To assist you affirm it. Decide that you are open and more loving and accepting. Declare it. ‘I love myself. I love my family. I love who they are and how they are. I allow people to be who they are. I accept and respect my family. I easily connect with them. I have a great family.’

Think Good Thoughts – Say Good Words – Do Good Deeds

Use those or create positive similar ones tailored for your specific needs. Ask yourself how you can be more loving and accepting. Wonder what you can do to help them know they are loved and appreciated. Visualize yourself behaving positively with them.

Don’t visualize them changing. Visualize yourself changing and them responding to your changes. Do not try to control or manipulate them to be different. You need to change what you are thinking, feeling and doing. If you attempt to control them that is the problem.

Remember what you resist persists. If you push back you get more push back. If you accept and love and allow instead, you get more back. Don’t expect overnight changes but expect that seeds you plant will grow to fruition as long as you continue to nurture them.

What Goes Around Comes Around – Keep The Circle Positive

Whatever you put out, think about most and how you feel, your energy, is what is returned. Remember birds of a feather flock together. If you aren’t getting what you want that is information you need in order to be able to change it. Get it? You change then it does.

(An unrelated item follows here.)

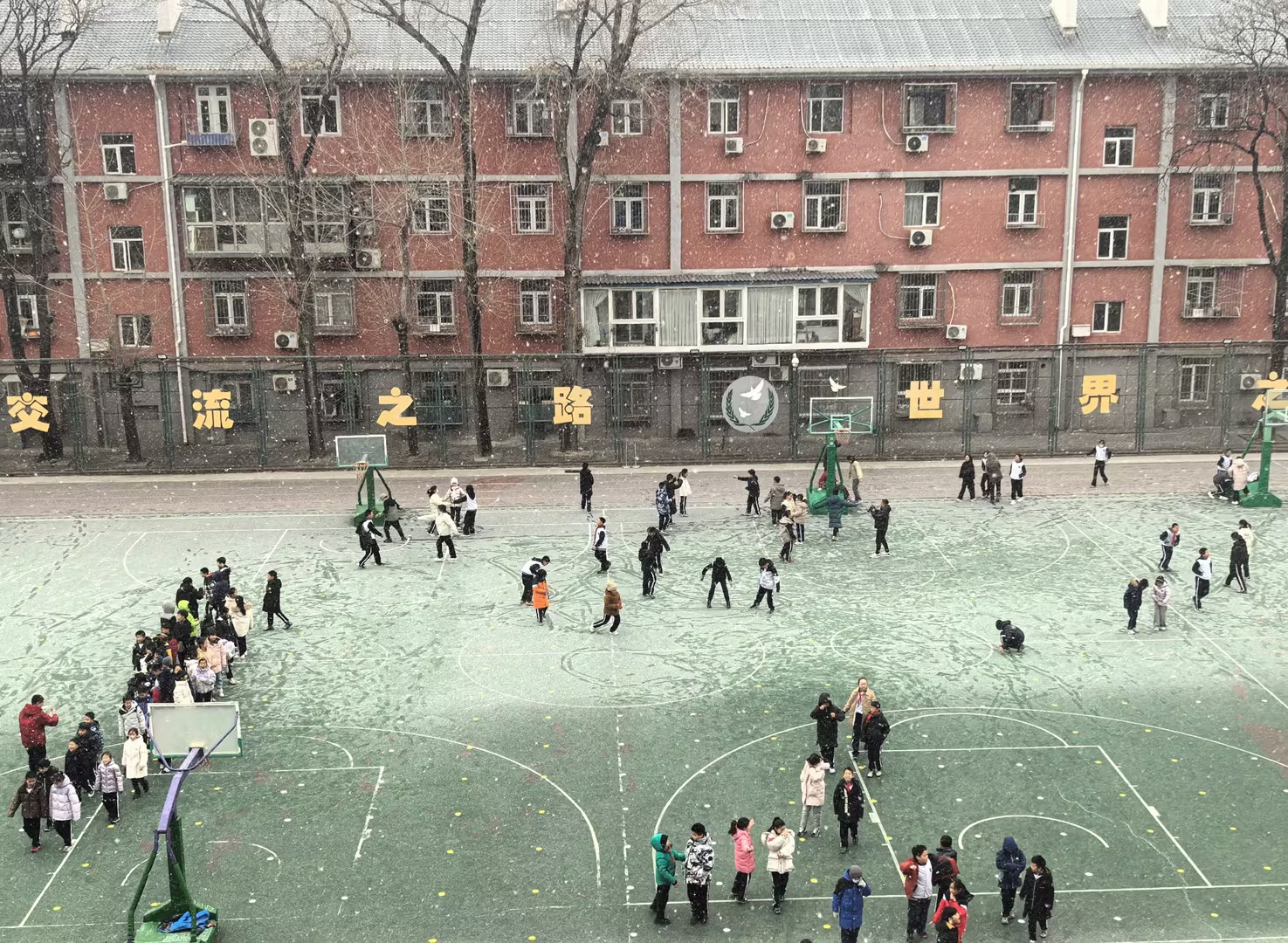 2025年12月12日,北京今年冬季的第一场雪如约而至。白家庄小学的学生有序到操场参加体验活动。尊重自然,体验寒冬自然气候——雪天。
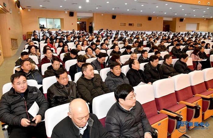 校长乔旭以《以改革勇气打赢改革攻坚战 以创业豪情建好创业型大学》为题做了讲话。乔校长指出,2018年全校师生团结一致、锐意进取,呈现出崭新的工作局面。乔校长强调,各单位、各部门要把第四次党代会确定的工作目标、指标,分解到年度任务中,将创业型大学的理念融入到各个模块的工作中,一要思不足、思目标,促进改革发展精准化;二要聚共识、聚力量,推进学科建设一体化;三要重效益,重效能,提高开源节流精细化;四要立制度、立责任,实现安全环保有效化。

You get back what you put out. Put out unconditional love, acceptance, respect, liking, getting along, delight in each other so that you get that in return. Be grateful for who they are and appreciate them in your life. Celebrate them. Celebrate everything.” Rex Sikes

Make someone you love feel good today.

If you like these posts – subscribe. If you think these posts would help others please share them. Help Spread the word.

Photo used with permission of Phil Koch.

NEW BLOG SITE LAUNCHES SOON – Do you get this blog emailed to you? You will have  to again subscribe to this blog, newsletter. I’d hate for you to miss anything when it switches. Subscribe and Follow Daily Inspiration and Gratitude!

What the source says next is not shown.